Karl est le personnage le plus ouvertement raciste de la pièce. Il fait plusieurs déclarations scandaleuses et pourtant, dans son esprit, il présente des arguments logiques. Par exemple, tout en essayant d’illustrer un point concernant les préférences raciales, il relate ses observations sur des vacances au ski:

KARL: Je peux vous dire que depuis le temps que je suis là, je n'ai jamais vu une famille de couleur sur ces pentes. Maintenant, qu'est-ce qui explique cela? Certainement pas un déficit de capacité, donc je dois en conclure que, pour une raison quelconque, le passe-temps de la glisse n'a rien d'intéressant pour la communauté nègre. Et n'hésitez pas à me prouver le contraire… Mais vous devrez me montrer où trouver les nègres qui skient.

En dépit de sentiments aussi modestes, Karl se croit progressiste. Après tout, il soutient l’épicerie juive du quartier. Sans oublier que sa femme, Betsy, est sourde - et pourtant, malgré ses différences et malgré l'opinion des autres, il l'a épousée. Malheureusement, sa motivation principale est économique. Il croit que lorsque les familles non blanches s'installent dans un quartier entièrement blanc, la valeur financière diminue et les investissements sont ruinés.

Russ devient fou

Au fur et à mesure que l'acte 1 continue, les humeurs bouillonnent Russ se fiche de qui emménage dans la maison. Il est extrêmement déçu et en colère contre sa communauté. Après avoir été congédié pour conduite scandaleuse (il est présumé qu'il a tué des civils pendant la guerre de Corée), le fils de Russ n'a pas pu trouver de travail. Le quartier l'a fui. Russ et Bev n'ont reçu aucune sympathie de la part de la communauté. Ils se sont sentis abandonnés par leurs voisins. Et ainsi, Russ tourne le dos à Karl et aux autres.

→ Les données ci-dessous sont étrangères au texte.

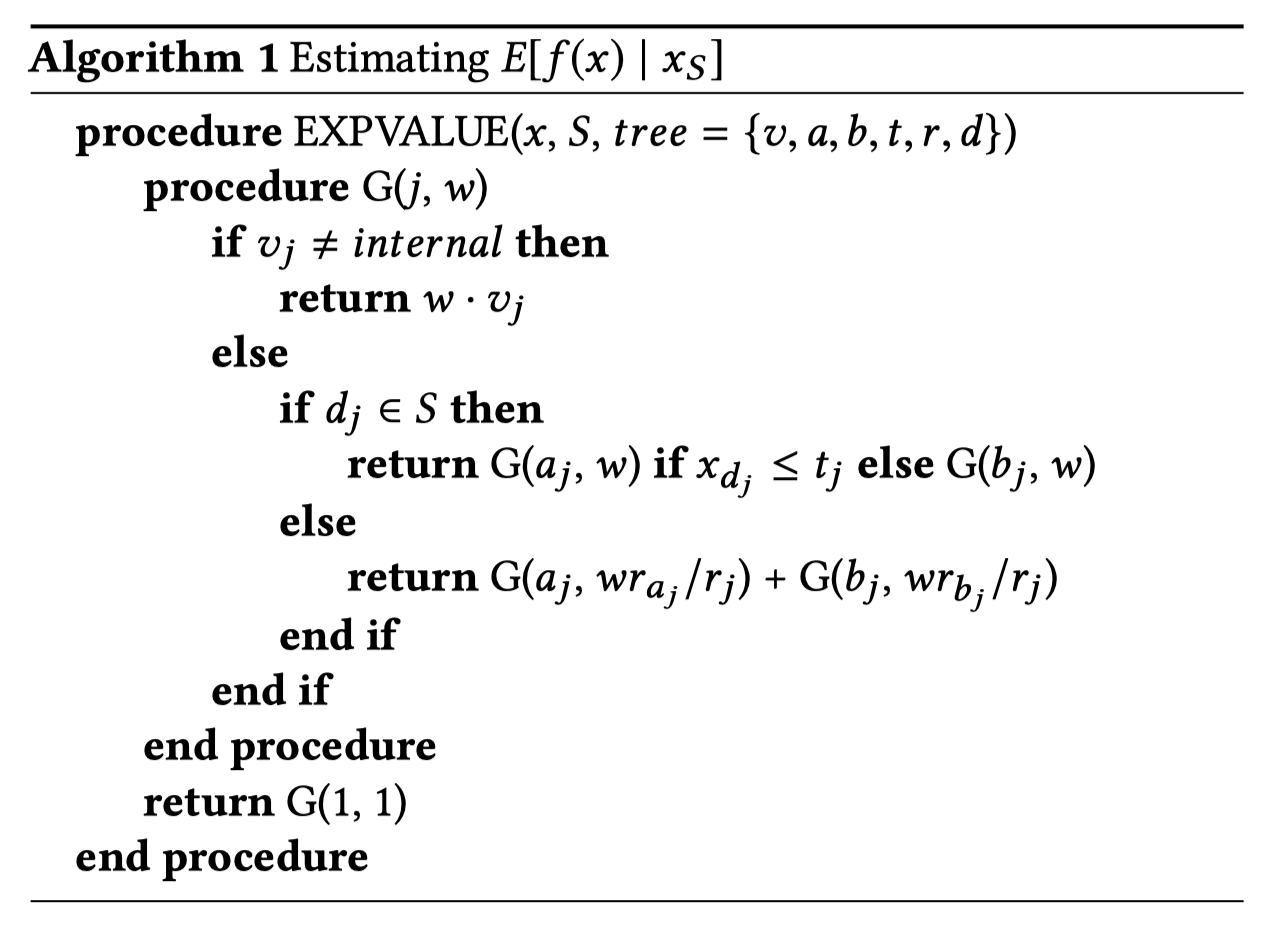 $w: proportion\ of\ the\ training\ samples\ matching\ the\ conditioning\ set\ S\ fall\ into\ each\ leaf$Input $s$와 Feature Set $S$와 한 Tree 모델 $tree = {v,a,b,t,r,d}$이 주어졌을 때, $E[f(x)\ |\ x_S]$을 계산한다. $E[f(x)\ |\ x_S]$은 $x_S$가 속하는 Leaf node의 score값과 해당 node에 속하는 Training 데이터의 비중을 곱하여 계산된다. 그 후 Ensemble 모델 Score를 계산할 때와 마찬가지로, 각 Tree의 $E[f(x)\ |\ x_S]$을 합하여 Ensemble 모델에 대한 최종 $E[f(x)\ |\ x_S]$를 계산한다.

Après le monologue caustique de Russ dans lequel il déclare: "Peu m'importe si un membre d'une tribu d'Ubangi avec un os au bout du nez envahisse ce foutu endroit" (Norris 92), répond le ministre Jim: "Peut-être devrions-nous nous incliner une seconde "(Norris 92). Russ se casse et veut frapper Jim au visage. Pour calmer le jeu, Albert pose sa main sur l'épaule de Russ. Russ "tourne" vers Albert et dit: "Mettez vos mains sur moi? Non monsieur. Pas chez moi, vous ne le faites pas" (Norris 93). Avant ce moment, Russ semble apathique face à la question de la race. Dans la scène mentionnée ci-dessus, cependant, il semble que Russ révèle ses préjugés. Est-il tellement en colère parce que quelqu'un lui touche l'épaule? Ou est-il scandalisé qu'un homme noir ait osé mettre la main sur Russ, un homme blanc?

Bev est triste

Acte 1 se termine après que tout le monde (sauf Bev et Russ) a quitté la maison, tous avec des sentiments de déception divers. Bev essaie de donner un plat irritant à Albert et Francine, mais Albert explique fermement mais poliment: "Madame, nous ne voulons pas de vos affaires. S'il vous plaît. Nous avons nos propres affaires." Une fois que Bev et Russ sont seuls, leur conversation reprend faiblement. Maintenant que son fils est mort et qu'elle va quitter son ancien quartier, Bev se demande ce qu'elle va faire de tout ce temps vide. Russ lui suggère de passer le temps avec des projets. Les lumières s'éteignent et l'acte 1 arrive à sa conclusion sombre.